Hello, and thank you for wanting to contribute to the DCPPC Use Case Library!
By contributing to this repository, you agree:
- To obey the Code of Conduct.
- To release all your contributions under the same terms as the Use Case Library license itself: the Creative Commons Attribution 4.0 (aka Public Domain) license.
If you are OK with these two conditions, then we welcome both you and your contribution!
If you have any questions about contributing, please open an issue and Team Copper will lend a hand ASAP.
Thank you for being here and for being a part of the DCPPC project.
To suggest a new Use Case and provide some text:
- Make a copy of this form
- Fill in as much information as possible
- Create an issue here
- Copy the text of the form into the issue box, or attach it as a comment
If you are already familiar with the Use Case Library:
- Make a new branch from latest master.

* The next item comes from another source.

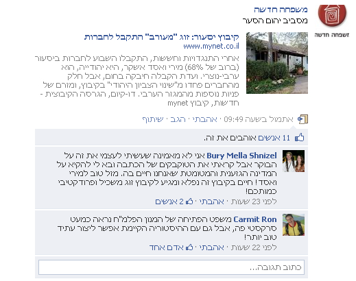 Bury Mella Shnizel: אני לא מאמינה שעשיתי לעצמי את זה על הבוקר אבל קראתי את הטוקבקים של הכתבה ובא לי להקיא על המדינה הגזענית והמטומטת שאנחנו חיים בה. מזל טוב למירי ואסד! חיים בקיבוץ זה נפלא ומגיע לקיבוץ זוג משכיל ופרודקטיבי כמותכם!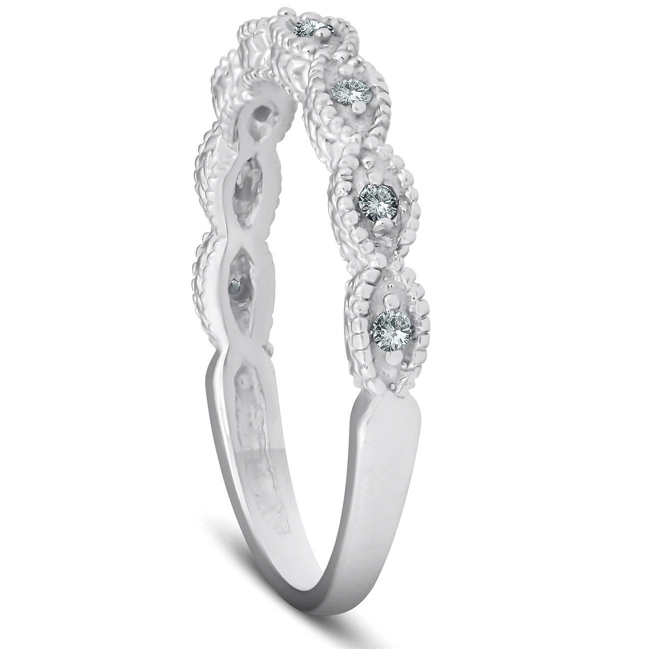 1/10ct Vintage Diamond Wedding Ring 14K White Gold

See below for more details
- Create a new SUMMARY-, PERSONA-, NARRATIVE-, USERSTORY-, or EPIC- file under library/ by copying an existing file. Make sure that the filename specifies a unique ID (e.g. SUMMARY-1-xyz yields the ID SUMMARY-1 which is not unique)
- Update the YAML metadata at the top of the file to reflect your new metadata
- Edit the markdown description below the YAML header
- (Optional) Build the file using snakemake, check the output. Iterate until you're happy
- Add a new file to git repo, commit, push
- Set up a Pull Request to merge into master and tag in @ctb
- Uncle Archie will check out a copy of your pull request, run a snakemake build on it, and link to the output of the build process, so you can use Uncle Archie instead of using snakemake locally
For maximum flexibility, each part of a Use Case is stored in it's own markdown file. Different components of the library follow slightly different naming conventions, however they all share two characteristics:
- Filenames begin with the component type in ALLCAPS
- The component type is followed by
-<digit>
where the digit is a number that does not already occur in that component set
For Epics, Narratives, Personas, and Summaries, the digit is additionally followed by a short description of the contents of the file, where spaces are replaced with -
. For User Stories, no description is added to the file name.
Examples:
- EPIC-1-develop-plan-for-association-testing.md
- NARRATIVE-1-topmed-genotype-phenotype.md
- PERSONA-5-data-provider.md
- SUMMARY-1-topmed-genotype-phenotype.md
- USERSTORY-6.md
The numbers included in each filename are to ensure uniqueness. There is no requirement that all numbers are used in the library or that they occur in a particular order within a Use Case.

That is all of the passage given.